If you're looking for a great low maintenance plant for your driveway, fence line or even around the swimming pool, then you can't go past the agapanthus. Agapanthus are ideal plant for dry summers.
These South African members of the lily family have adapted well to hot Australian summers when their display of spectacular blue and white flowers is at its peak. They look equally at home with modern architecture as they do with colonial or federation houses.
Agapanthuses are such easy plants to grow and require so little effort that they are often neglected, but to make sure your plants flower really well, there are some important tips to consider.
Varieties of Agapanthus
The variety of Agapanthus available for gardeners to choose from have exploded over the last many years. Agapanthus now range from the traditional purple flower to a height of one metre to compact varieties with varigated foliage. Some compact agapanthus varieties are ideal for container planting, borders and smaller gardens. Here are our favourite agapanthus varieties;
Agapanthus 'Baby Pete' - Dwarf evergreen variety with compact mounding habit.
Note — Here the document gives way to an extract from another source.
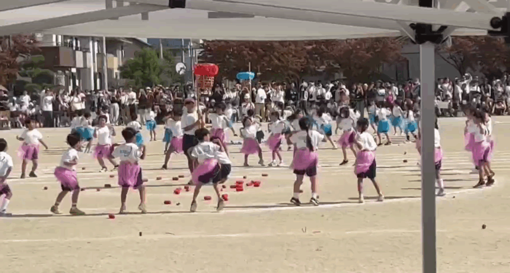 1年生はチェッコリ玉入れです。今年6年生の皆はコロナ禍の為 踊れなかったダンスです。かわいいですね✨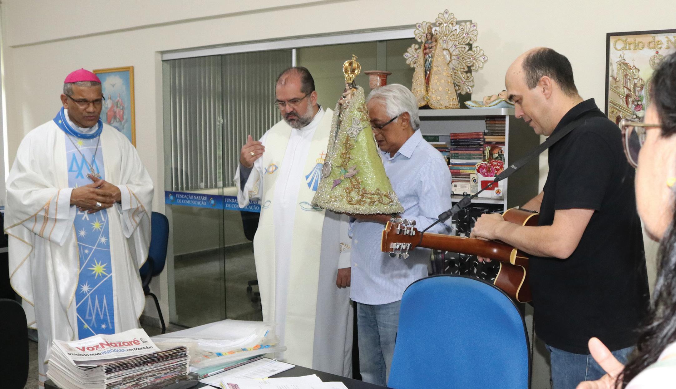 Senhora. Que toda nossa gratidão possa estar direcionada a Ela, por tantas graças que temos recebido, sobretudo nos últimos anos, de tantas dificuldades. Mas, Nissa Senhora nos lembra da alegria. Em meu nome e de Dom Antônio, peço que ela interceda pela Cúria, pela Fundação Nazaré, Caritas, pelo

Stems grows to the height of 35cm.
Agapanthus 'Golden Drop' - Ultra compact habit with narrow variegated leaves. 25cmH.
Agapanthus 'Blue Ice' - White flowers with purple highlights at the stem of the flower. Grows to 80cm in height.
Agapanthus 'Amethyst' - Purple flowers. Reblooms several times a year. Very hardy and reliable. Make great cut flowers.
Agapanthus 'Black Panther' - Produces close to black blooms contrasting against green foliage.
Agapanthuses are not fussy about what soil they grow in, they can withstand coastal situations and even the occasional flood and frost. They also make excellent specimens for containers on hot, sunny balconies, verandahs and patios.
Why are my agapanthus not flowering?
The two main causes of poor flowering are lack of sunlight and overcrowding. Agapanthus love full sun and unless they are grown in a bright, sunny position they won't flower well, although their lush, strap-like foliage will still look pleasing.
One of the great things about growing agapanthus is that once you've got one, you're guaranteed to have more, because they multiply by themselves in clumps. The downside is, if they're left untouched, they will become overcrowded and flower poorly.
To avoid this problem, cut off the seed heads when the plant has finished flowering, dig up the clumps and divide them into individual plants. Large clumps of agapanthus develop a network of tight roots and may require a mattock and crowbar to dig them out.
Divide up the parent clump into small groups comprising of two or three plantlets, using a sharp spade or secateurs and taking care not to tear the roots. Tidy up each of these individual groups by removing spent foliage and damaged roots before replanting into a sunny position. Water each plant well and mulch generously to conserve moisture and suppress weed growth.
Next summer you'll not only have more plants, but each plant will flower better.
To keep your agapanthus healthy, fertilise them regularly with Kickalong - Fruit & Flower and keep them moist in hot weather.